I am wondering how much "learning" one can do from a department which is unable to understand a simple question. The first part of the answer shows a total lack of awareness what "public perception" means. The second is nonsense. Talking about Treasure, Treasure, Britain's Secret Treasures is 100% NOT helping in any way to inform people about those broader issues (see question and answer 20) and a nuanced understanding only comes from nuanced presentation which most certainly is not what the PAS has been doing up to now. Hence the question to the LVA. The answer dodges it totally, in a way which suggests the 'Department of Learning... and Audiences' has not the foggiest idea of what it was being asked about. In a non-bonkers world it would be them explaining the issue to us, and not us having to put the question into Simple English so they'd cotton on to what the issue being addressed consists of. Duh.
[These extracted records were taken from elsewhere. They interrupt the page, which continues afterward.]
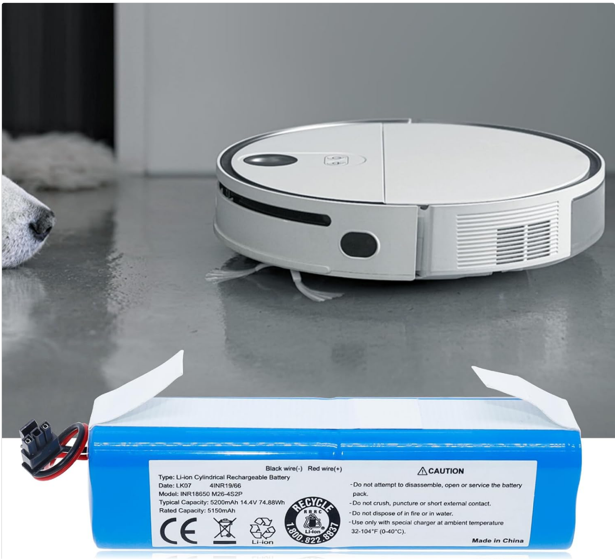
Image: The Fanhua replacement battery positioned alongside an Eufy RoboVac X8, demonstrating the product's intended use.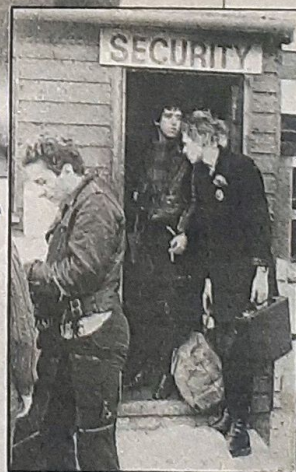
Paul Simonon said: "Punk Rock is the Salvation of Northern Ireland. With the attitudes of parents and the Authorities as they are sectarianism will never end. But kids of both religions come together to hear rock 'n' roll."

*The next evening the Clash played two shows at Trinity College, Dublin. The sets included their new numbers 'Complete Control', 'The Prisoner', 'Clash City Rockers', 'City Of The Dead', 'White Man In Hammersmith Palais' and 'Jail Guitar Doors'. Over a thousand fans packed the place. There was no violence and no damage.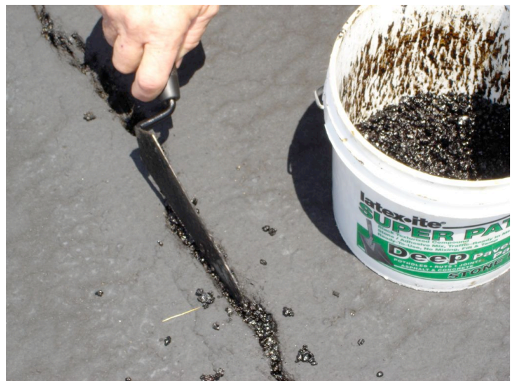
Its's done inch by inch.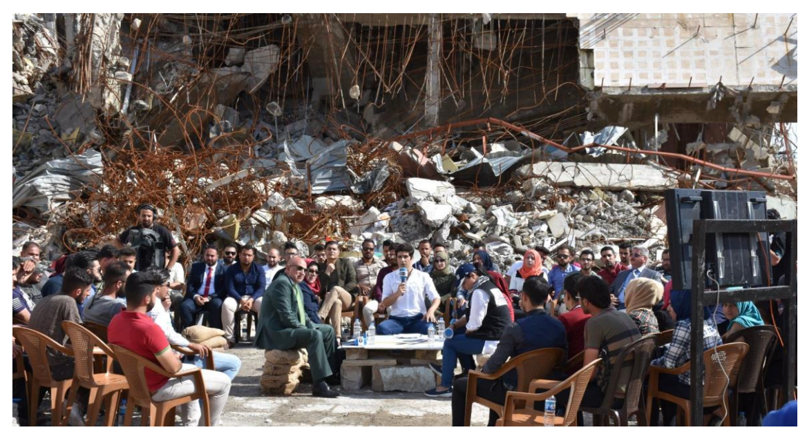
Photo: Discussion with citizens and Iraqi leaders live from destroyed Mosul in June 2018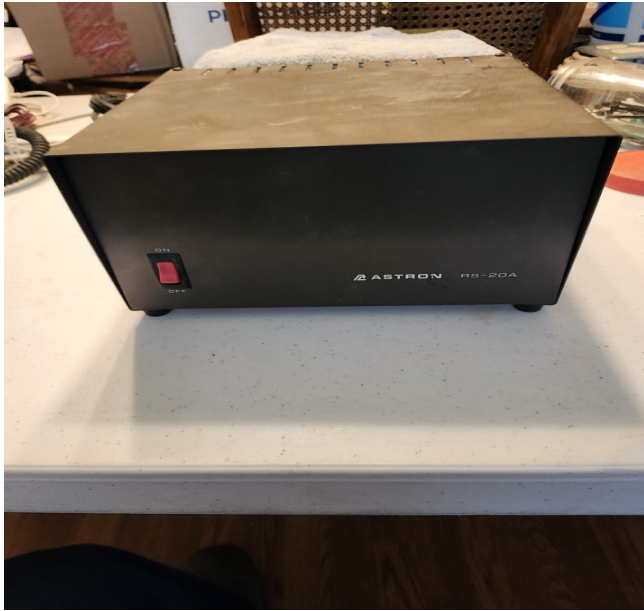
Astrom RS-20A Power Supply Asking Price: SOLD

Solid State electronically regulated. Feature fold-back current limiting to protect the power supply from excessive current or shorted output. Chassis mounted fuse. Less than 5 mv ripple peak to peak (full load and low line).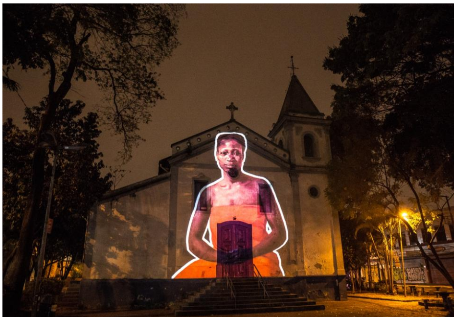
Figure 3: Tereza de Benguela, by Coletores Collective. São Paulo, Nossa Senhora dos Homens Pretos Church (2020). Video mapping technique.

The CURA - Urban Art Circuit held in Belo Horizonte in 2020 and 2021 was a highly impactful urban art project during the pandemic. As one of the country's largest urban art festivals, CURA had already conducted eight editions, with the last two during the pandemic dedicated to the decolonial agenda. The acronym CURA is derived from the Portuguese word for "healing" and represents one of the chief slogans of decolonial art, which asserts that art can assuage experiences injured by colonialism. These editions included Indigenous and Black artists as curators, specifically Arissana Pataxó and Domitila de Paulo in 2020, and Naine Terena and Flaviana Lasan in 2021. (Figure 4)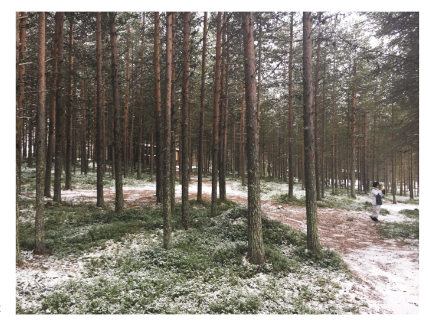
Low environmental impact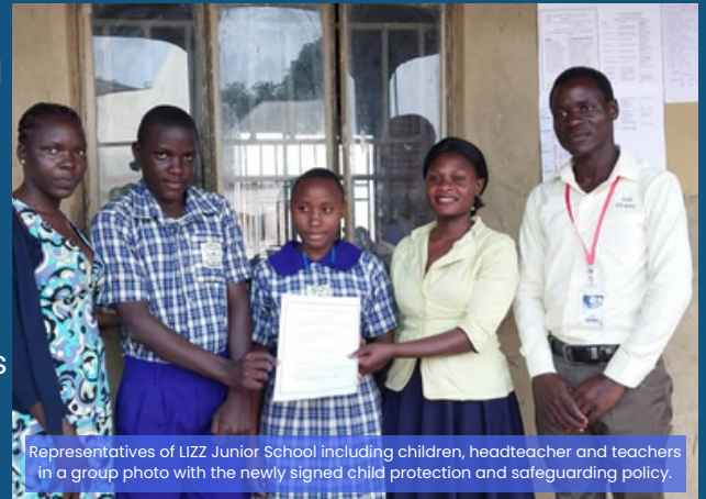
Representatives of LIZZ Junior School including children, headteacher and teachers in a group photo with the newly signed child protection and safeguarding policy.

These policies aim to create a safe and conducive learning environment for students while ensuring effective management practices within the school.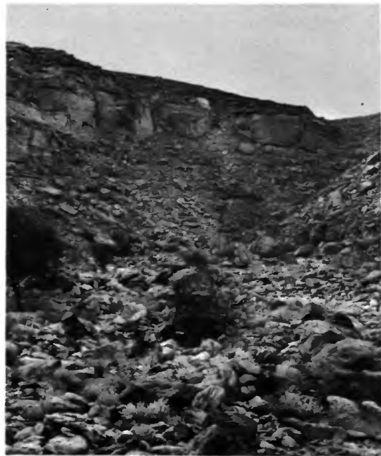
FIGURE 6.—Karkur Murr. Narrowing rocky canyon.

* Colocynthis vulgaris Schrader: Vernacular names, handal , colocynth or ground gourd. Karkur Murr. Fruits and flowers present. Common according to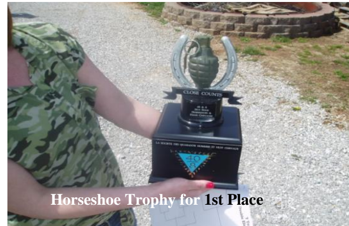
Horseshoe Trophy for 1st Place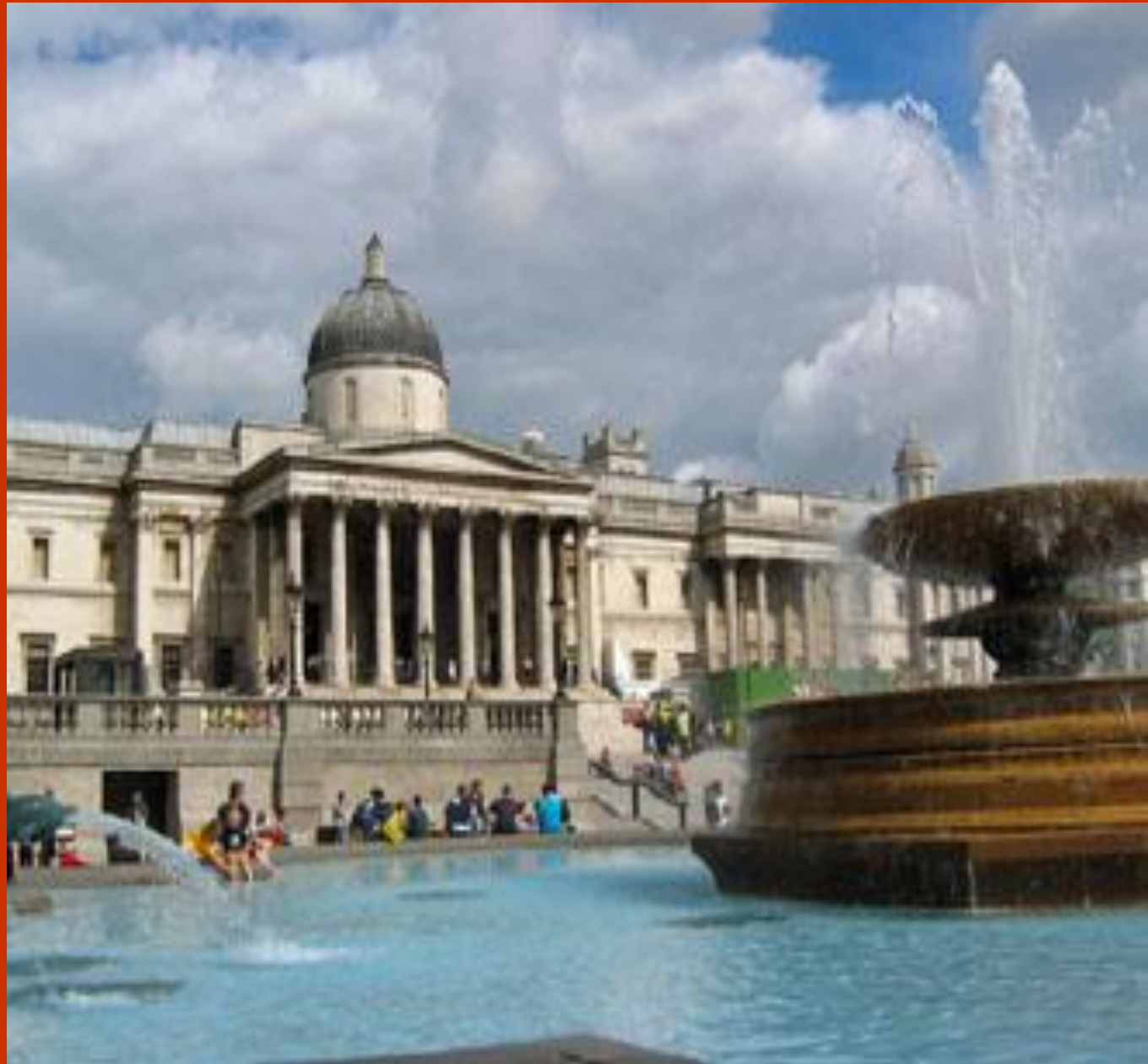
The National Gallery

The National Gallery houses the national collection of Western European painting, comprising more than 2000 pictures dating from the late 13th to the early 20th century. The Gallery was founded in 1824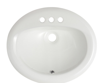
SIN-POR-VOMOVLWHT-2118 Outside - 20 1/2"x17 11/16" Inside - 16"x11 3/16" Depth - 7 7/8"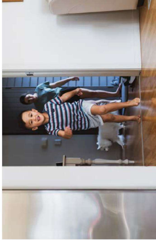
New Zealand Residential Property Sale and Purchase Agreement Guide

It is recommended that you seek legal advice if you are buying a property that is currently tenanted.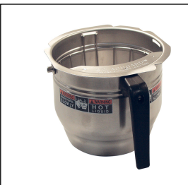
FUNNEL AY,W/DECAL GRT "C"7.12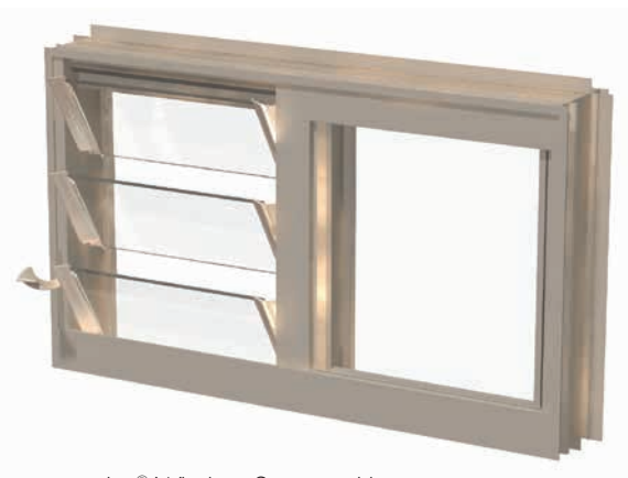
ios® Window System with picture window

The ios Window System is an innovative design that provides inside or outside screening options to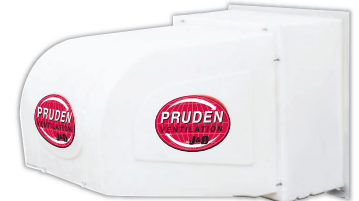
20" & 24" with Poly Weather Hood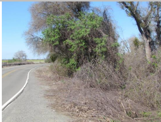
Looking north at dense untrimmed trees on waterward slope. (Spring 2017)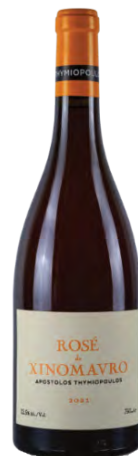
ROSÉ DE XINOMAVRO THYMIPOULOS VINEYARDS 100% Xinomavro Rosé | Still | Dry P.G.I. Macedonia Northern Greece

A multi-layered bouquet with sweet hints of pomegranate and cherry and aromas of wild strawberries, while as it opens up in the glass, hints of caramel and vanilla emerge, an example of the wine's maturation for 8 months in oak barrels. In the mouth it is round, with a velvety feel as a result of the time spent in the barrel with the fine lees. The balanced acidity gives it a sense of liveliness and the few tannins add complexity. Unfiltered.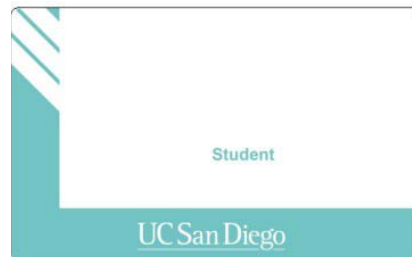
Undergraduate Student One Card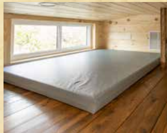
5" Loft Mattress (Single, Twin, or Queen)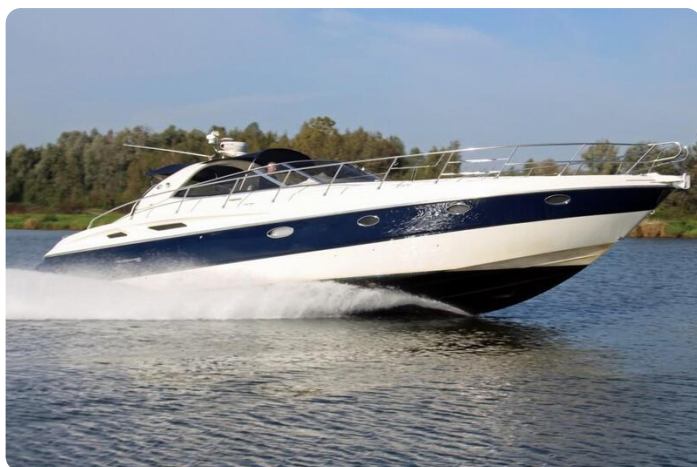
Cranchi Mediterrannée 50

The answer to question 20 was a total fiasco. The BM's LVA department obviously has difficulty in looking further down the corridor than the xerox machine. Read the question and their fob-off foggy answer and note they totally ignored the last bit of the question. If the context of artefact hunting in Britain led to archaeological bodies in Britain beginning another Stop Taking Our Past campaign against irresponsible artefact collecting, would the LVA support it?

The reader of these answers gets the feeling that there is a lack of meat. The LVA did not particularly exert itself in getting to grips with the questions themselves. Once again, we see the typical Bloomsbury fob-offs. Everything is OK, there's been no changes, we are on the ball with everything. Yet when there is a need to actually state a policy in more than just vague patronising terms, there is a huge vacuum. So while we are all, I am sure, grateful to Ms Raikes and Mr Lewis for putting pen to paper, we really are still very much in the dark about where the PAs is going. Let us hope that this is not because the people that run it are too.

2 comments:

Anonymous said...

A couple of points of logic concerning their replies if I may ….

First, they say “Recording finds with the PAS is voluntary so we are dependent upon the goodwill of finders and the support of the metal-detecting organisations to that aim.” But that's simply not true, PAS does NOT have the support of NCMD or FID as both have signed the Responsibility Code yet both retain their own codes under which their members don't have to support PAS. Logically, that must mean PAS is NOT supported by the metal detecting organisations doesn't it? Why maintain a fiction and mislead the public?

Secondly your question about whether they'd "support a Stop Taking Our Past campaign against irresponsible artefact collecting" was transparently dodged by the reply “The British Museum believes that responsible metal-detecting provides a useful archaeological tool”. Doesn't that mean, logically, they think irresponsible detecting isn't? Can't we take that as an admission they WOULD support a Stop Taking Our Past campaign against irresponsible artefact collecting? Maybe you should pose the question again?

Paul Barford said...

Well, I have had my twenty questions and answers. There must/ might be other people interested in where the PAS is going (you know, that 'audience') so they can ask if it interests them. I think the PAS is on its way out and we should be thinking more about 'what next' for UK policy on artefact hunting and collecting, the BM's LVA seems from those answers not really to have clue or interest in that issue.